LEBANON, N.H. -- They read like headlines in a secret code. "Dow drops 10 points." "Durable goods orders up 3 percent." "Index of Leading Economic Indicators drops .1 percent."

The figures may hold some meaning for economists, but they leave many people wondering, "What does this mean for me, my family, my friends, my neighbors?"

From the Northwest, to the Midwest, to the Southeast, people are devising new indicators to gauge more accurately the health of our economy, our culture, our environment.

About 150 people -- from baseball-cap-wearing teenage boys to gray-haired grandmothers -- spent a recent Saturday in a hotel conference room here doing just that. The day was devoted to thinking about the future. Entitled "Valley VitalSigns," the project is designed to create a list of quantifiable indicators to help the roughly 90,000 people of the upper Connecticut River valley understand how the region evolves.

Known locally as the Upper Valley, the area consists of 37 communities in Vermont and New Hampshire. Once almost entirely rural, many Upper Valley hamlets now serve as bedroom communities for larger towns nearby.
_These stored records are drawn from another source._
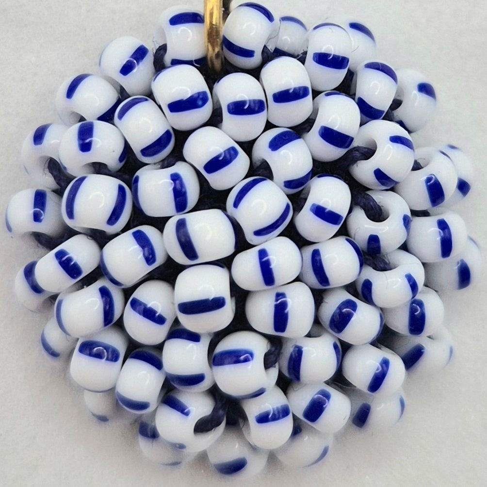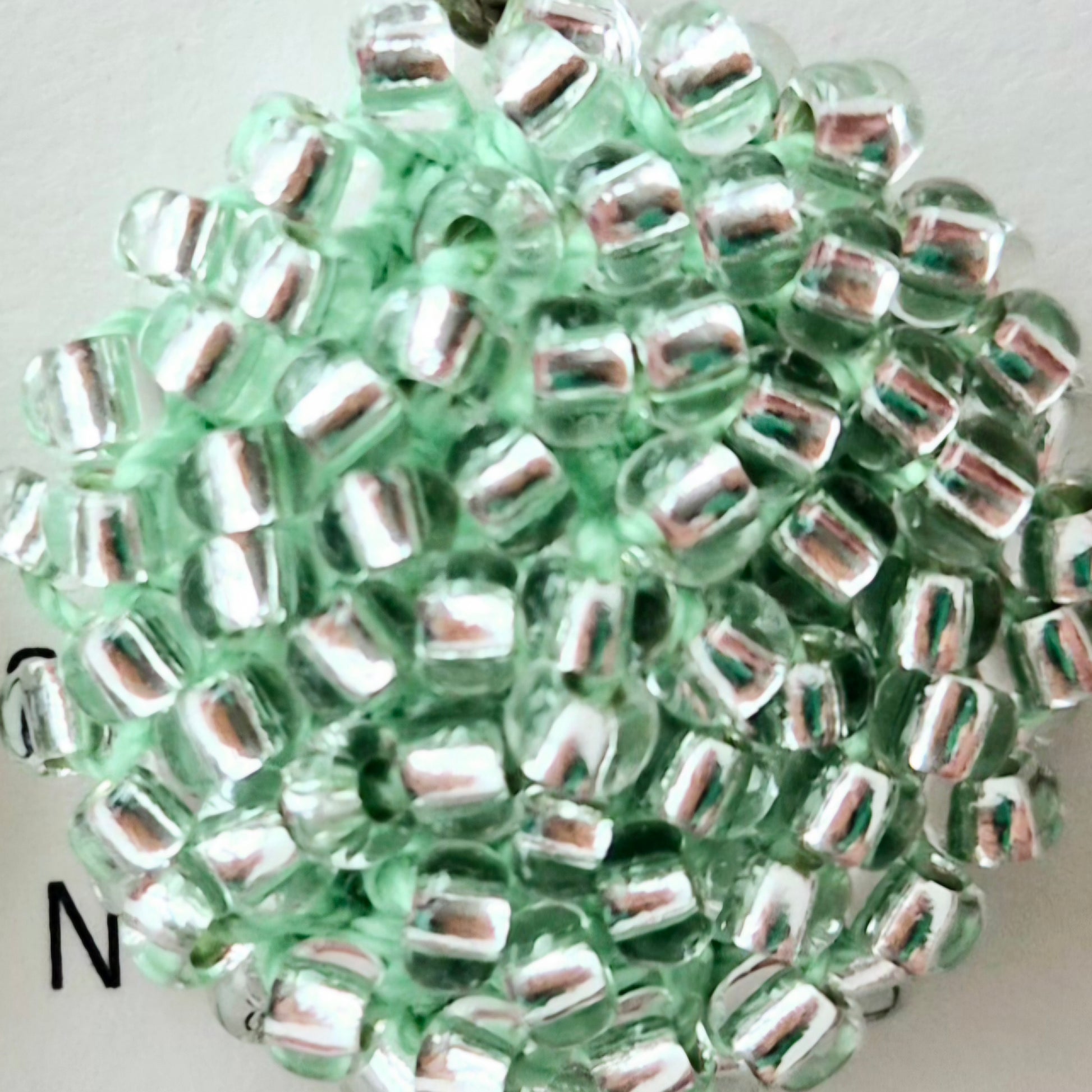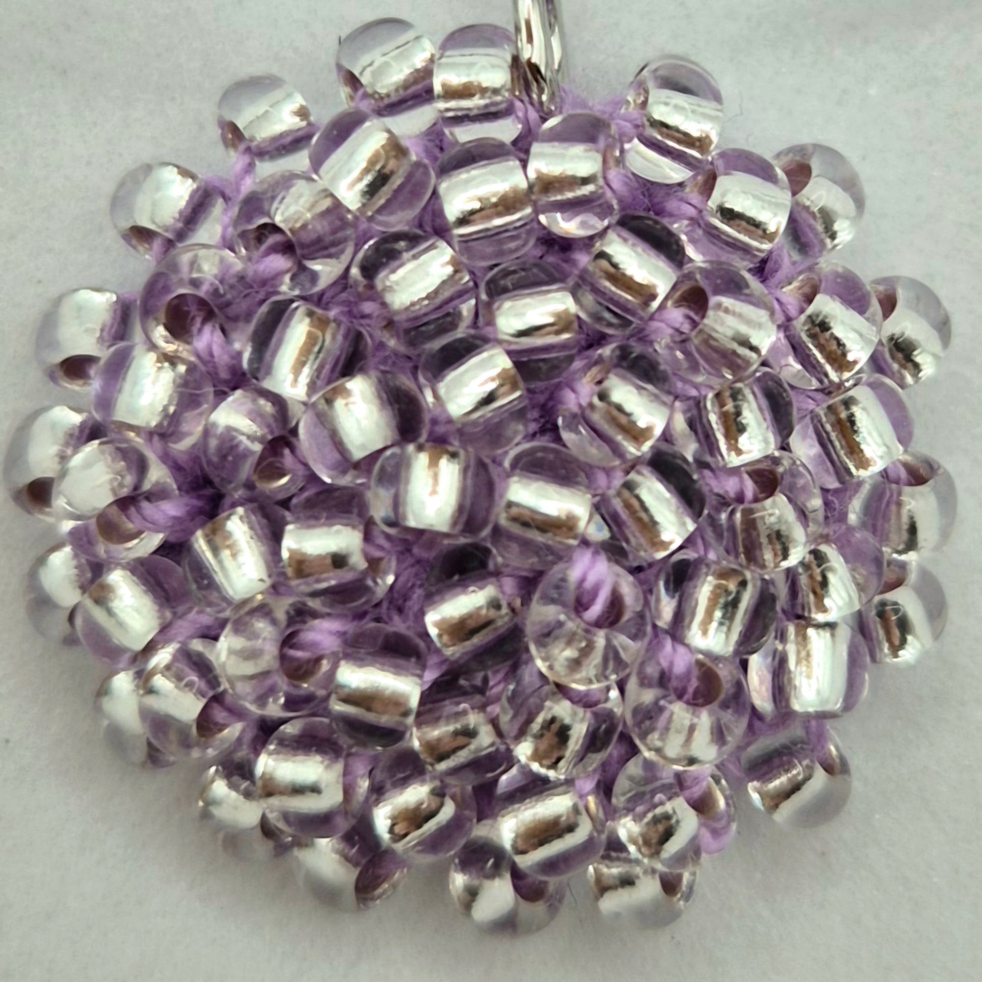 Einzigartige Brosche. LINNSI besteht aus 2,5 mm großen Rocaille Glasperlen (teils mit versilberten Glasperlenlöchern), die auf Baumwollgarn aufgezogen und in aufwändiger Häkeltechnik verarbeitet werden. Die Brosche kommt ohne Kleber aus.
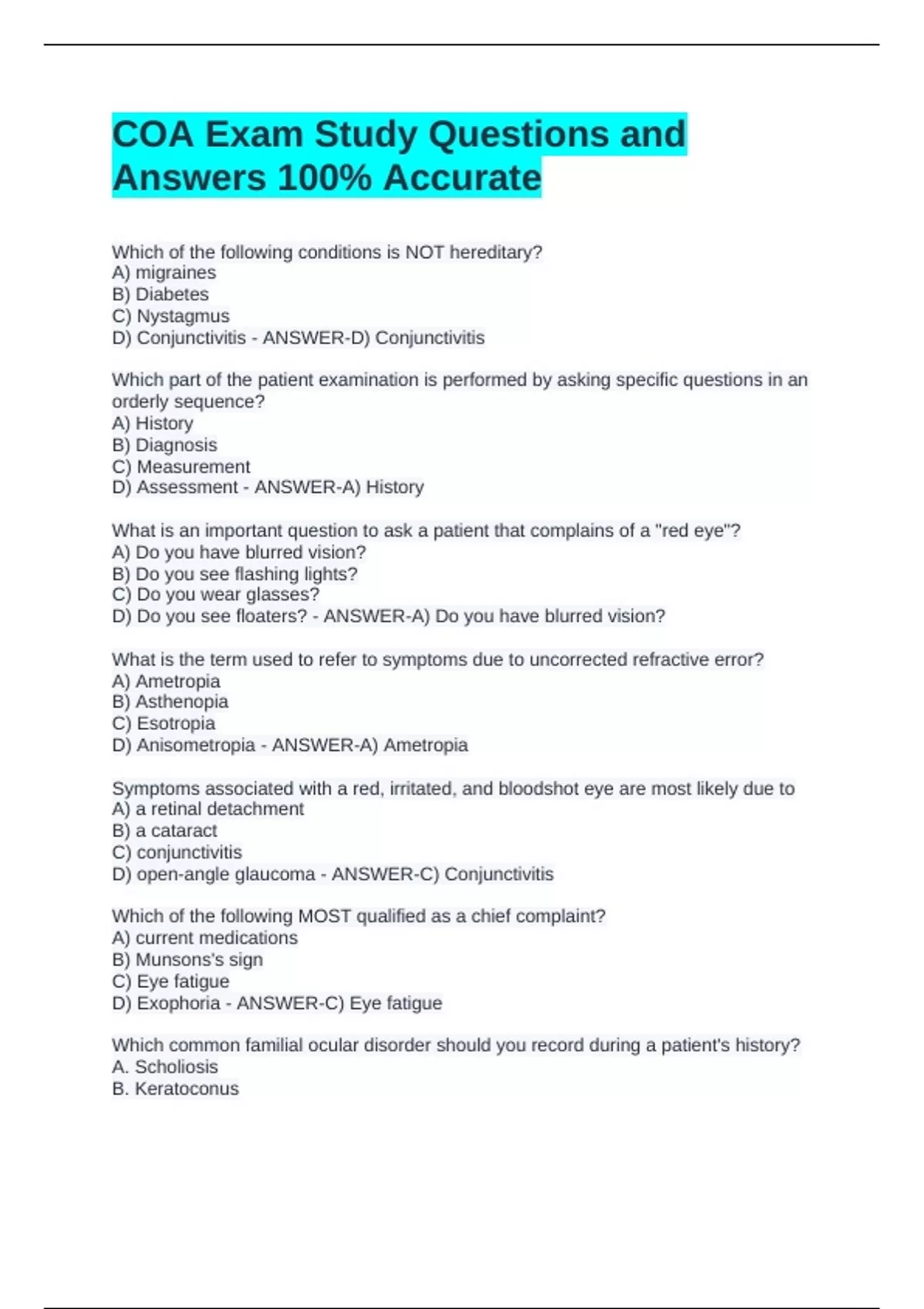 D) open-angle glaucoma - ANSWER-C) Conjunctivitis
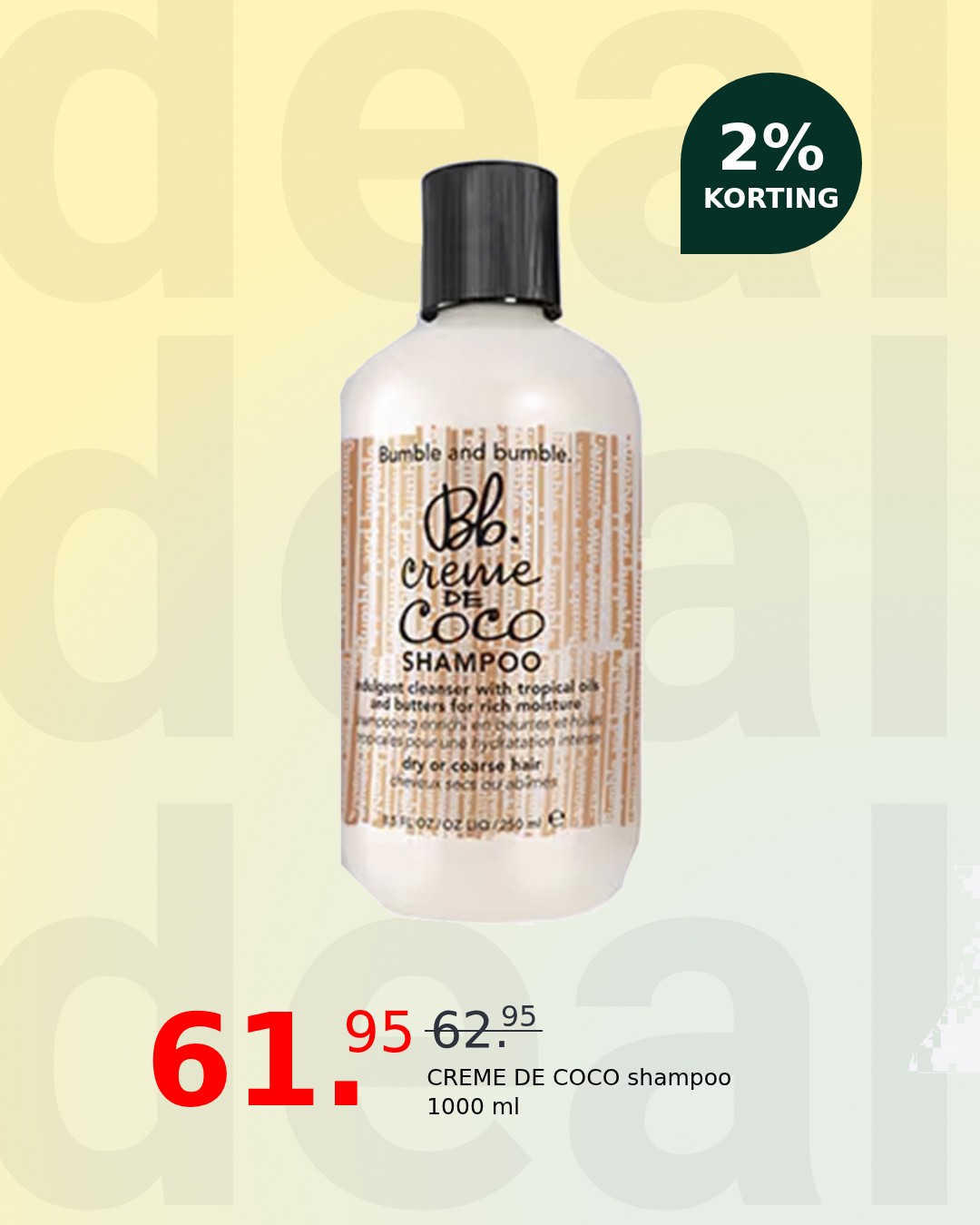 Indulge your hair with the luxurious richness of Bumble and bumble’s Creme de Coco Shampoo. This generous 1000ml bottle is your ticket to deeply nourished, sumptuously soft, and incredibly manageable locks, transforming your daily wash into a spa-like experience.
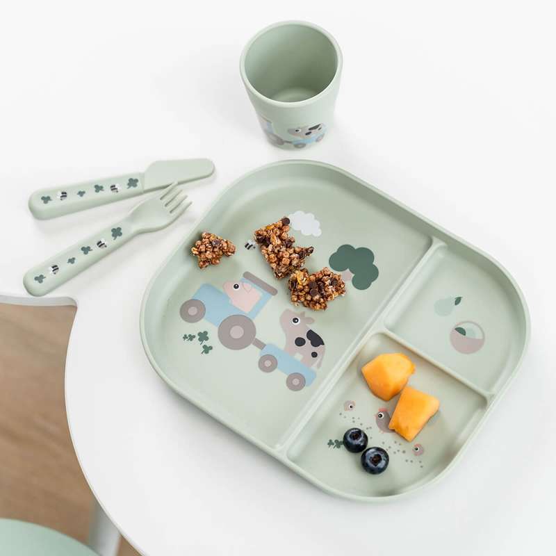 Done by Deer Foodie Spisesæt m. Sugekop - Tiny Farm - Grøn
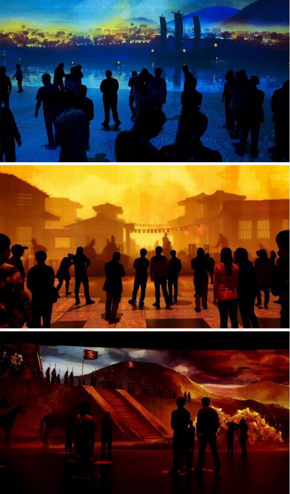 武術(shù)場景和油漆風(fēng)格的動畫,線性敘事增加了互動元素,用15分鐘的時(shí)間在400平方米的互動和多媒體空間中帶領(lǐng)游客體驗(yàn)和感受公元前514-496春秋時(shí)期吳國崛起的故事。
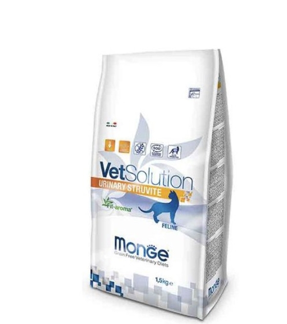 Monge VetSolution Urinary Struvite Feline è un alimento dietetico completo per gatti formulato per la dissoluzione di calcoli a base distruvite, per la riduzione delle recidive dei calcoli di struvite e per la sindrome urologica dei felini, FUS. Contiene concentrato di succo di melone per neutralizzare i radicali liberi, mirtillo rosso per il supporto urinario e Xilo-oligosaccaridi (XOS) per preservare il microbiota intestinale. La formulazione è caratterizzata da proprietà acidificanti dell’urina e bassa concentrazione di magnesio.
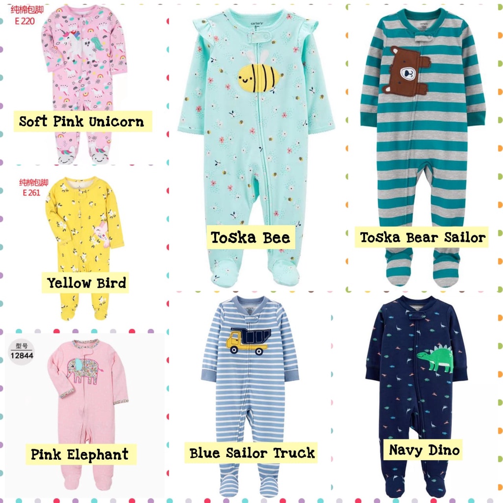 Jumpsuit Tutup Kaki Bayi Laki Laki Perempuan /Sleepsuit Baju Tidur Bayi Kancing/Jumper Newborn Impor
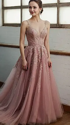 Seriously, this dress is giving us major princess vibes. The delicate lace details add a touch of sophistication, while the soft pink color is perfect for a romantic wedding. It’s like a hug of tulle and lace, all in the most beautiful shade of rose. With a dress this amazing, saying “I do” will be even more unforgettable.
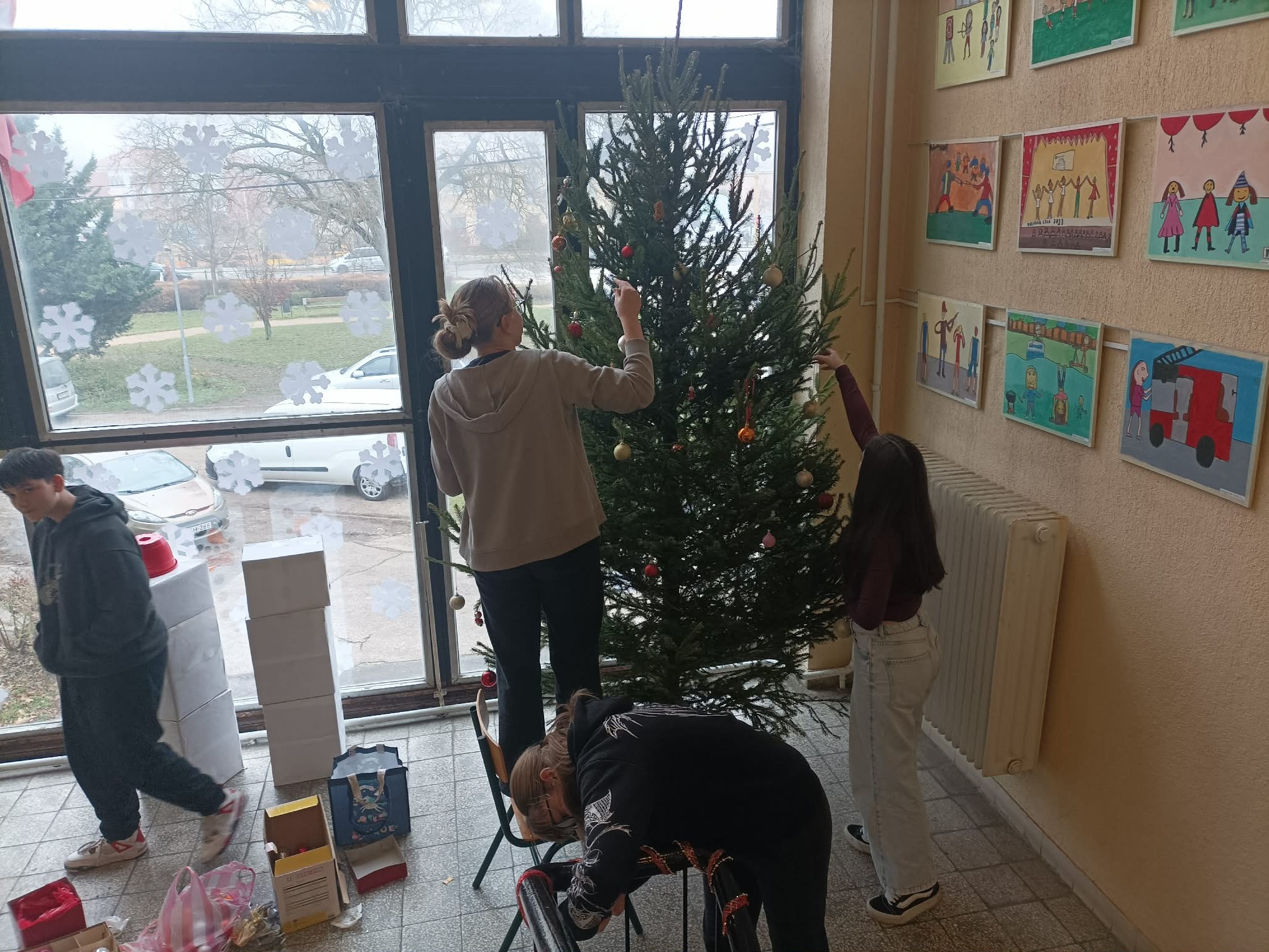 A szakkörösök egy része a szinpad előtt téli átállásként kerékpárt szerelt, a másik része a belső udvarban teszelt.
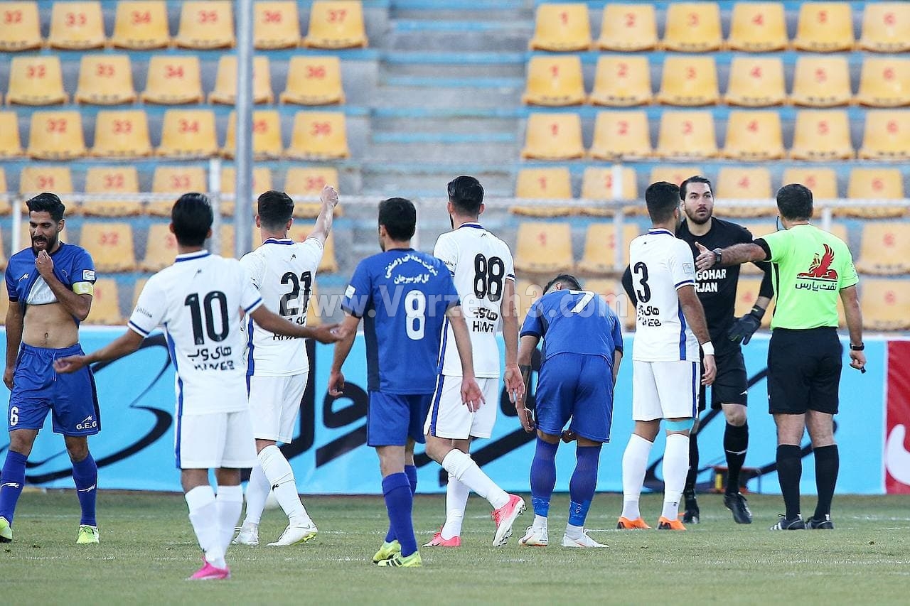 در این لحظه باز هم بیم آن می رفت که اکبریان حقیقی را بابت حرفهایی که ممکن بود تحریک آمیز باشد، از زمین مسابقه اخراج کند اما دخالت بازیکنان گل گهر و ساکت کردن حقیقی همه چیز را تمام کرد تا این دقایق پر تب و تاب و بحرانی، به پایان برسد. لحظاتی که می توانست شکست نیمه اول گل گهر در خانه را سنگین تر کند.

With an eye towards charting the area's well-being -- including such intangible community characteristics as trust, commitment, and beauty --participants came up with an array of possible indicators, or VitalSigns, ranging from the practical to the fanciful. They included:

  • The number of working farms;
  • The percentage of businesses that are locally owned;
  • The quality of the water;
  • The percentage of people who volunteer;
  • The number of local children who grow up and settle here;
  • The distance from the center of each community to an unobstructed field of stars.

Information can lead to action, said VitalSigns Co-Chair Betty Porter of Norwich, Vt. "We, individually, have a gut feeling that things aren't going well, but we don't have information to support that feeling," Porter said. "If enough people care about the number of good-paying jobs or locally owned businesses, or clean air, they can mobilize now that they have the hard information."

Organizers hope organizations and local governments will use the VitalSigns to monitor regional trends and look for ramifications affecting them. Or they hope local leaders might create their own indicators to monitor other important local issues.

Valley VitalSigns is a project of the "The Upper Valley: 2001 & Beyond, an initiative started in 1993 by the area's League of Women Voters. League members were looking to follow up on a series of group discussions 15 years ago which led to concrete results, including a local transit system.

They decided to use indicators after being inspired by a newspaper editorial about a similar project in Seattle. There, the leading indicators now include the number of "good" air days each year (73 in 1980; 315 in 1994) and the number of hours the average worker must put in each month just to cover the bare essentials for a family of four (80 and holding steady).

After the brainstorming session produced a number of proposed indicators, participants at the New Hampshire gathering divided into 14 working groups to continue discussing the VitalSigns and add more to the list. The groups covered such topics as personal and public safety, agricultural and forestry, human services, transportation, citizen participation, and arts and culture.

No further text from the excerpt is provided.